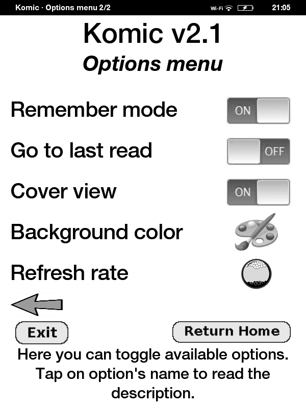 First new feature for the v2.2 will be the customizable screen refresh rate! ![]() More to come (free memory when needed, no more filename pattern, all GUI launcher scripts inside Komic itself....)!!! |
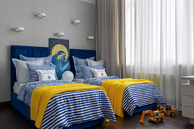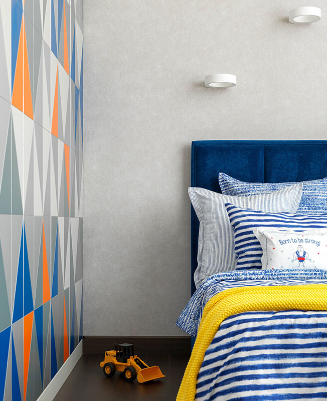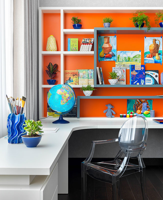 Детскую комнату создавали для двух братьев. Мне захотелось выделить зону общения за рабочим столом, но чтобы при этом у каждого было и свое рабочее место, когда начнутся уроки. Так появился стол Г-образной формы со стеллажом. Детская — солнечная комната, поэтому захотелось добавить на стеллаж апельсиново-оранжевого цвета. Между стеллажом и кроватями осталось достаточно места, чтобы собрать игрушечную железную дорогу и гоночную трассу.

···

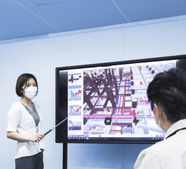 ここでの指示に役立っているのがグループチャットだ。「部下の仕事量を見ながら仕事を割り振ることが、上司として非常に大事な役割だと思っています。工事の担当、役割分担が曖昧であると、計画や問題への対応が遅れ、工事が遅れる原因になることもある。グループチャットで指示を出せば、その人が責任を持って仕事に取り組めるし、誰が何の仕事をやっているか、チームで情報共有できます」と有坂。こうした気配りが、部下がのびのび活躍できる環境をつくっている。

···

To do: Every line above in the stretch from the one with "First new feature" through the one with "Детскую комнату создавали" is to be transcribed exactly, ends included. No picture is copied.

Exercise solution:
 First new feature for the v2.2 will be the customizable screen refresh rate! ![]() More to come (free memory when needed, no more filename pattern, all GUI launcher scripts inside Komic itself....)!!! |
 Детскую комнату создавали для двух братьев. Мне захотелось выделить зону общения за рабочим столом, но чтобы при этом у каждого было и свое рабочее место, когда начнутся уроки. Так появился стол Г-образной формы со стеллажом. Детская — солнечная комната, поэтому захотелось добавить на стеллаж апельсиново-оранжевого цвета. Между стеллажом и кроватями осталось достаточно места, чтобы собрать игрушечную железную дорогу и гоночную трассу.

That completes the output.